New Delhi (Agencies): The government is taking into account a simple and streamlined set of norms for all kinds of overseas investments into capital markets, but wants such foreign investors to undergo a stricter scrutiny process.

The move could facilitate direct investments by both individual and institutional entities abroad into Indian equity and debt markets, as against the present practice of coming through FIIs, venture capital and private equity funds.

However, foreign investors would need to face stringent scanning before being allowed to invest in Indian capital markets as per the proposal, on which the Finance Ministry is seeking feedback from key financial sector regulators such as Sebi and RBI, sources said.

The proposed measures, expected to be declared in the Union Budget later this month, would focus on simplify the process of foreign investment in capital markets and avoid uncertainty, delay or unequal treatment with regard to various investor classes, sources said.

At the same time, the proposals would put a strong emphasis on KYC (know your customer) norms for these investors to prevent any option of illicit wealth coming into the Indian markets, they added.

The steps are also being considered for permitting foreign entities, both individual and institutional, to invest in capital markets here without setting shops here.

Instead, they would be allowed to invest in India after registering with the Indian depository participants existing in their respective counties.

The proposed measures are largely based on recommendations made by a high-powered panel headed by UK Sinha who has now been given charge as chairman of capital market regulator SEBI.

It had proposed that the foreign investors should not be categorised in various classes like FIIs, FVCIs or NRIs and a common set of regulations be formed for them.

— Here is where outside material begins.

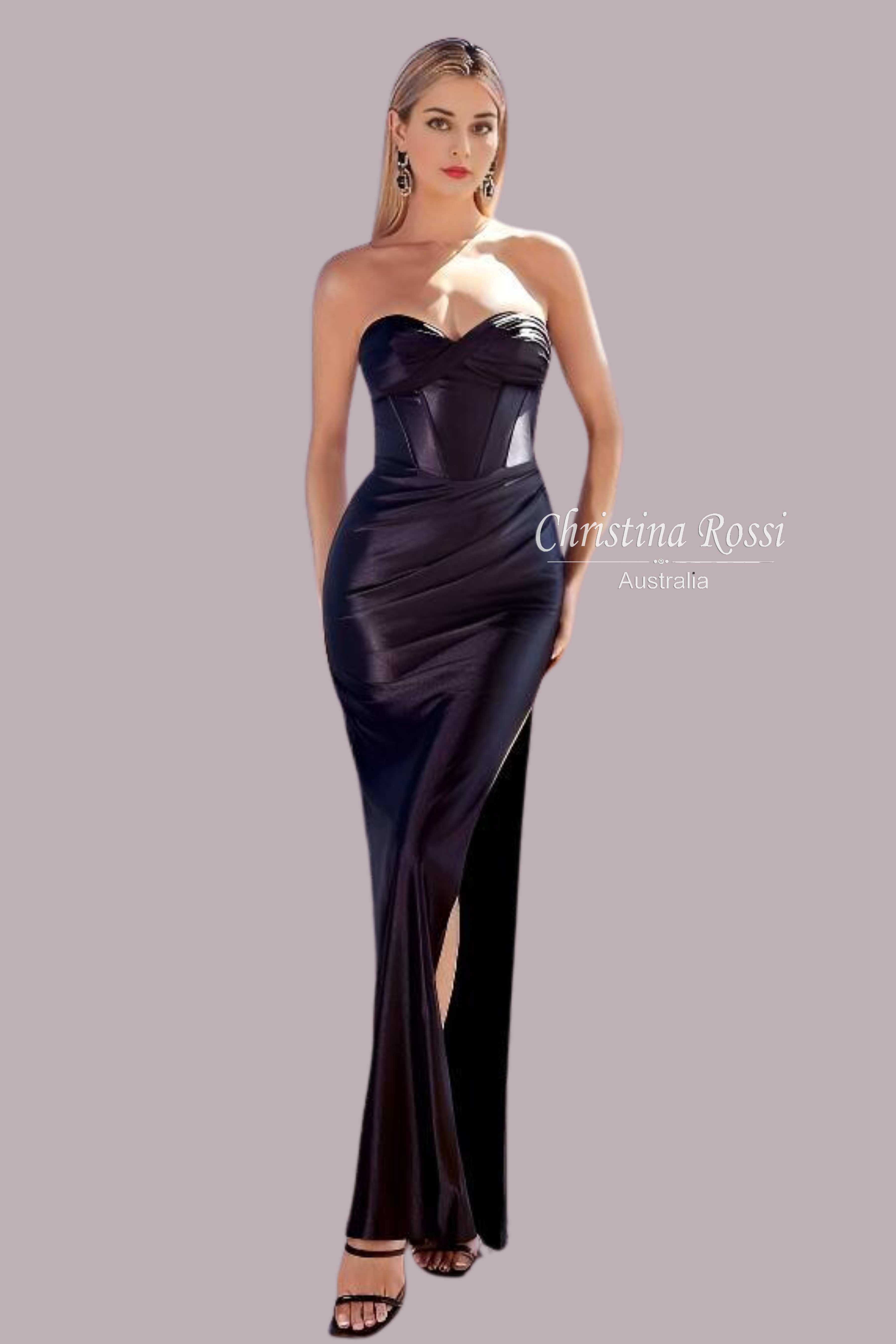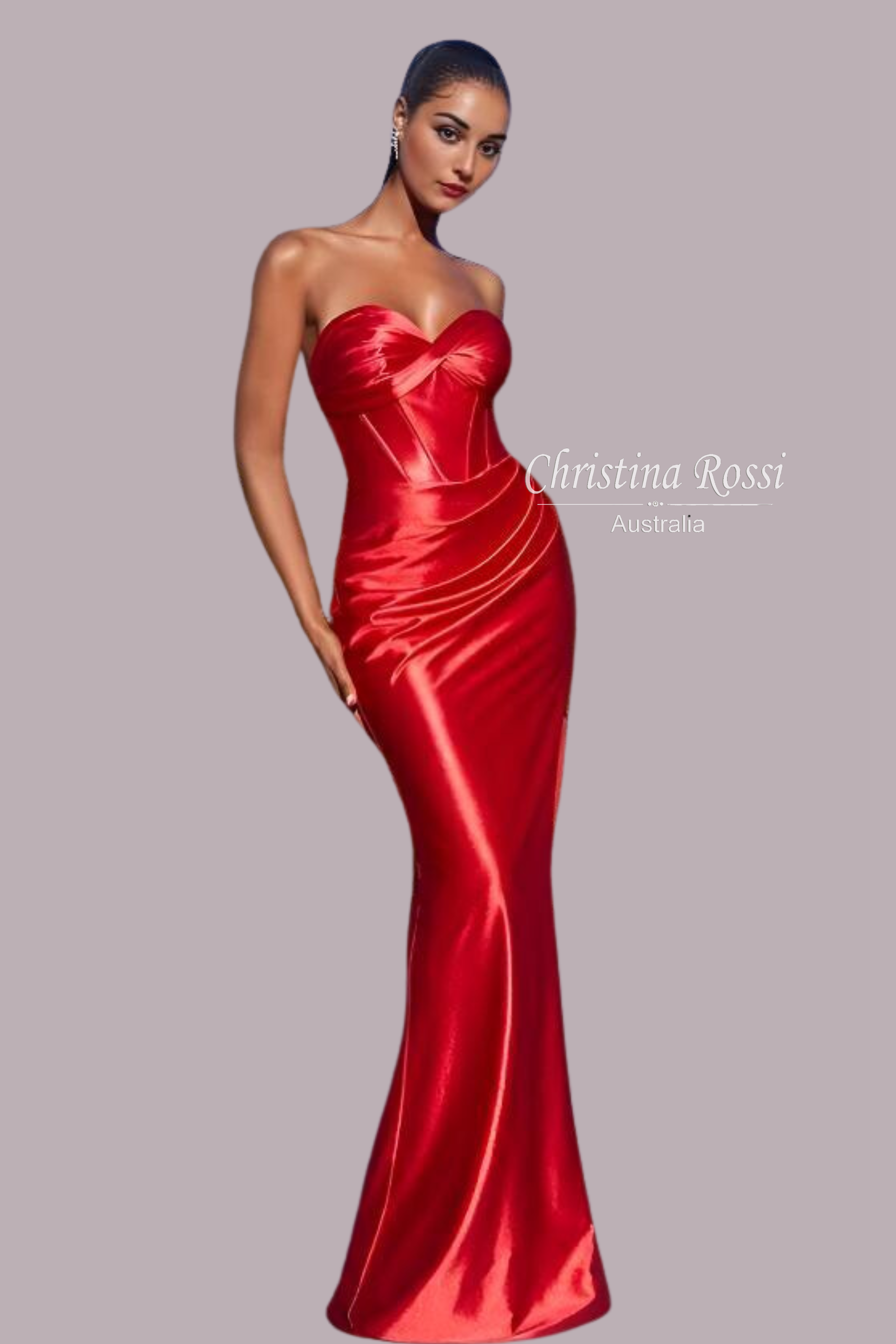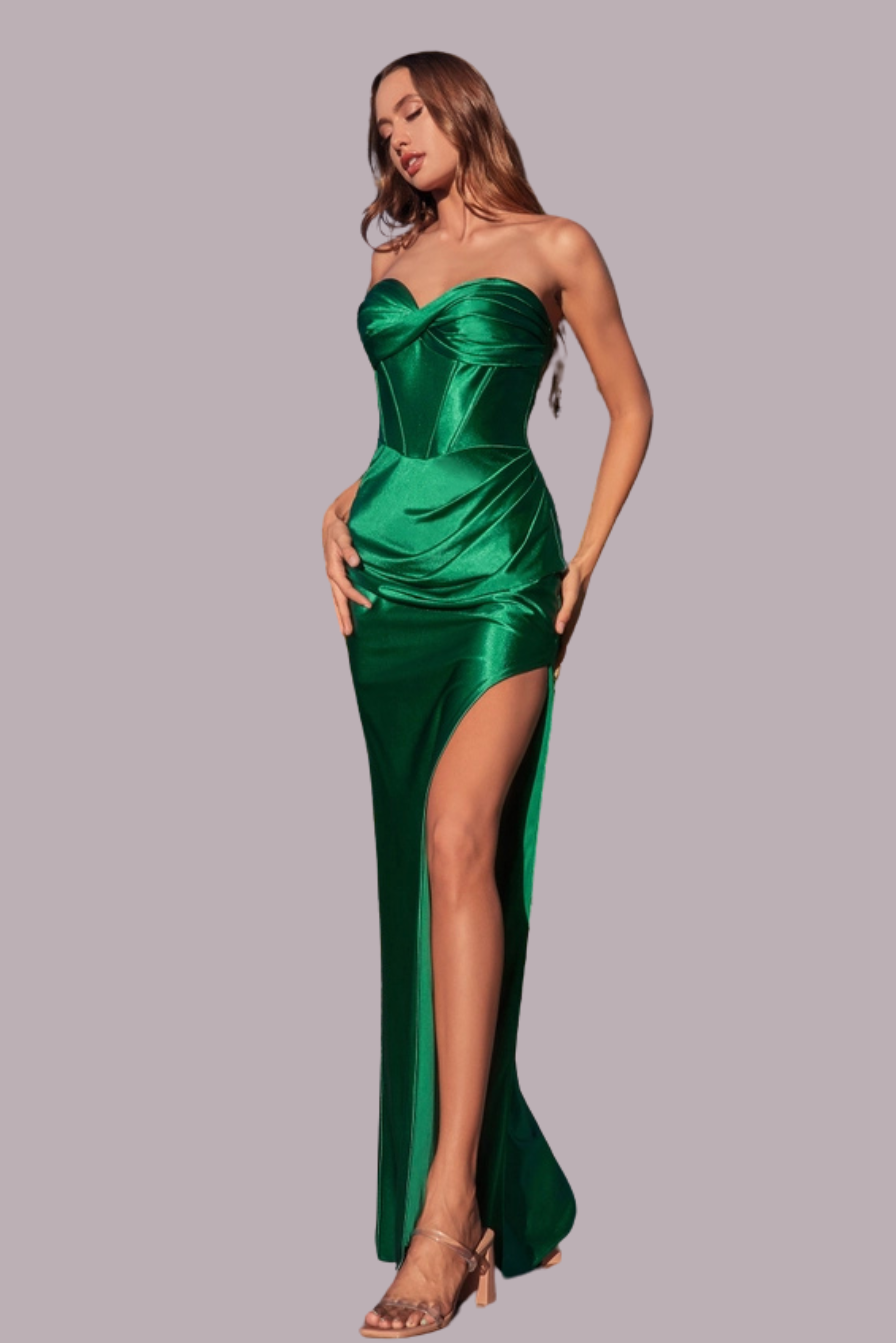 Get ready to turn heads in our strapless satin gown! This classic, sexy design is the perfect choice for any formal event. Featuring a fitted silhouette, boned bodice, and a twisted sweetheart neckline, you are sure to look your absolute best. The semi-stretch luxe Satin is incredibly comfortable, while the pleated hip line and leg slit add a flirty touch. With our exquisite strapless satin gown, you will have all eyes on you. So don't wait - this timeless piece is a must-have addition to your wardrobe!

The Sinha commission had also advised a single window for registration and clearance of portfolio investment regulations, without distinguishing between investor classes.

Seeking the abolition of foreign institutional investors, foreign venture capital investors and NRIs as separate investor classes, the panel backed a single investor class to be known as Qualified Foreign Investors.

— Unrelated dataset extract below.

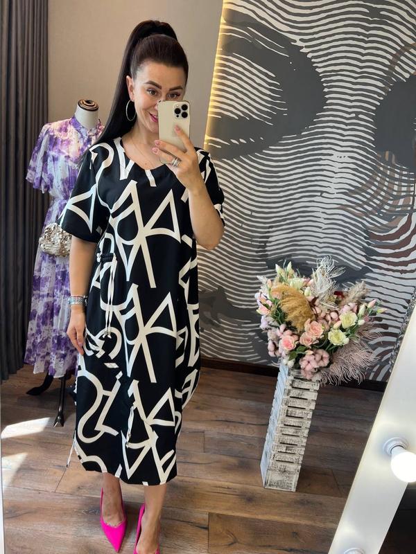 легкое и оригинальное платье прямого кроя, немного расширенное на бедрах, с круглым вырезом на груди и короткими рукавами, с первой минуты попадает в наши сердца и гардеробов, асимметричная платье со шнурками в виде декора выглядит стильно и современно, неровный крой подола создает интересный силуэт, а шнурки добавляют элемент игривости и оригинальности, такой наряд отлично подойдет для вечерних мероприятий или неформальных встреч, привлекая внимание своей уникальностью платье выполнено из приятного к телу коттона с эластаном с ярким и выразительным принтом размеры: 50, 52, 54, 56, 58 длина 122 см, объем груди по изделию от 116 см до 132 см, длина рукава от шеи 35-37 см, объем бедер по изделию от 128 см до 142 см код L 230824 D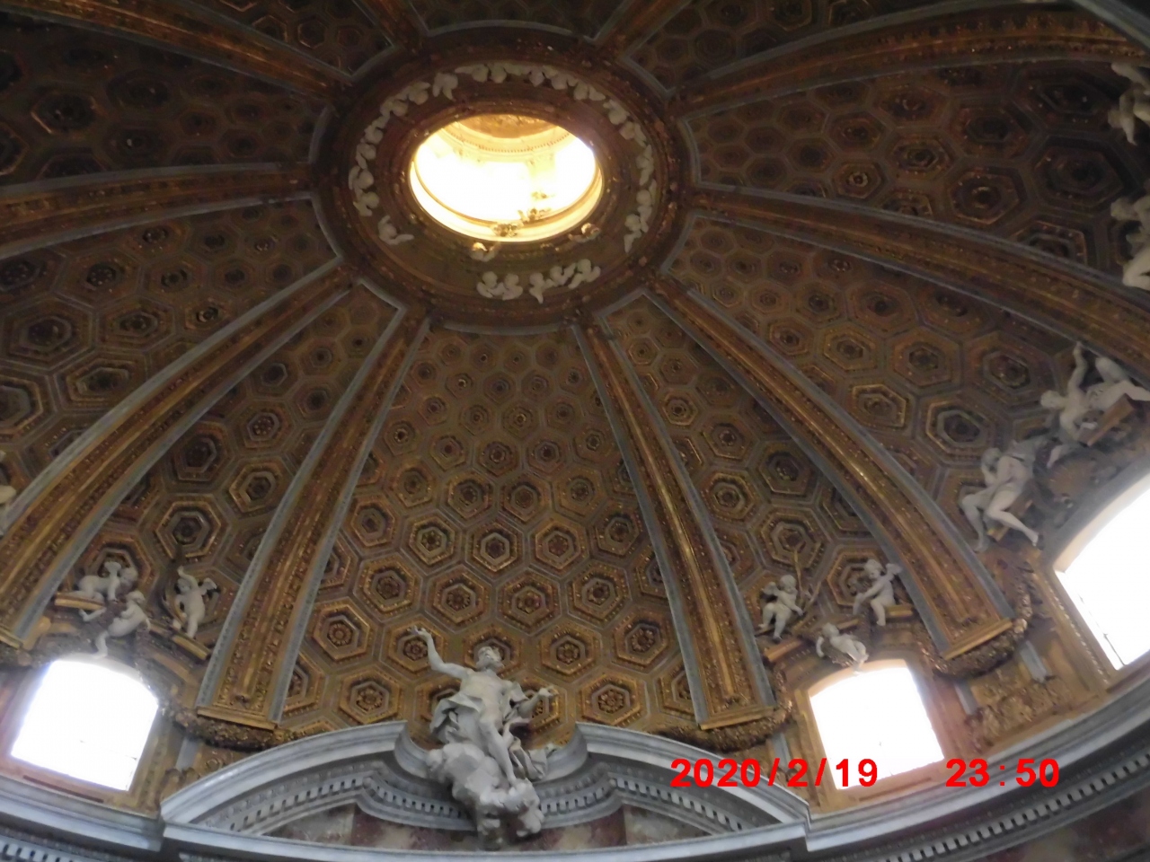 イタリアのローマ観光で立ち寄りました。サン カルロ アッレ クアットロ フォンターネ教会に立ち寄った後、クイリナーレ通りを道なりに南西に数分進むと、クイリナーレ庭園の向かい側にありました。円筒形の建物に見えたのですが、入って見るに楕円になっている感じでした。ベルニーニが狭い土地に工夫して教会を建てたのが理由みたいです。赤い大理石で仕切られた有名なアプシスはやhり見ごたえがありました。

To facilitate the direct investment by overseas entities, the Indian DPs would be encouraged to expand globally by setting up branches or entering into agency ties with authorised entities in foreign countries.

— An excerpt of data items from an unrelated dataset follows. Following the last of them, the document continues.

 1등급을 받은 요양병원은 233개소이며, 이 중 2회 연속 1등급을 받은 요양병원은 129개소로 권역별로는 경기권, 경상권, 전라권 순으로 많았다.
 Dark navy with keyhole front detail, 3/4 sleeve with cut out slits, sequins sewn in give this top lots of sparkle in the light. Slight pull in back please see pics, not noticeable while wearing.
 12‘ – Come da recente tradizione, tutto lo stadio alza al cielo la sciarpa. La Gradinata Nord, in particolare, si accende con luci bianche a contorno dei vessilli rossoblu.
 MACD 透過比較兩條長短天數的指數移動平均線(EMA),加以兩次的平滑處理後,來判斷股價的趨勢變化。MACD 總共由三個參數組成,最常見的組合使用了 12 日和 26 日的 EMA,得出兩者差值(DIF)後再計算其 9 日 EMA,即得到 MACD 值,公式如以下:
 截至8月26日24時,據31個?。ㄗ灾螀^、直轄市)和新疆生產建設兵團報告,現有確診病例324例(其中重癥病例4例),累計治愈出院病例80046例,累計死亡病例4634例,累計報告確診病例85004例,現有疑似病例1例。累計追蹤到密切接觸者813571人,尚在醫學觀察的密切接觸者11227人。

However, these DPs would be needed to follow stringed KYC norms, as prescribed by RBI, SEBI and other regulatory authorities, for registering foreign entities as clients.

Besides, SEBI and all other regulators would be entitled to seek any further information from these investors, whenever they consider it necessary for their surveillance and investigative actions.

As per the proposed measures, any foreign investor would first need to fetch all the KYC documents to the DP branch or agency in that country and the same would be forwarded to the parent entity in India.

After consulting the foreign investment norms of RBI and SEBI applicable to that particular foreign entity, the DP in India would facilitate opening of accounts with a bank and a stock broker. The bank and broker would carry out their own KYC checks on the documents provided by the investor.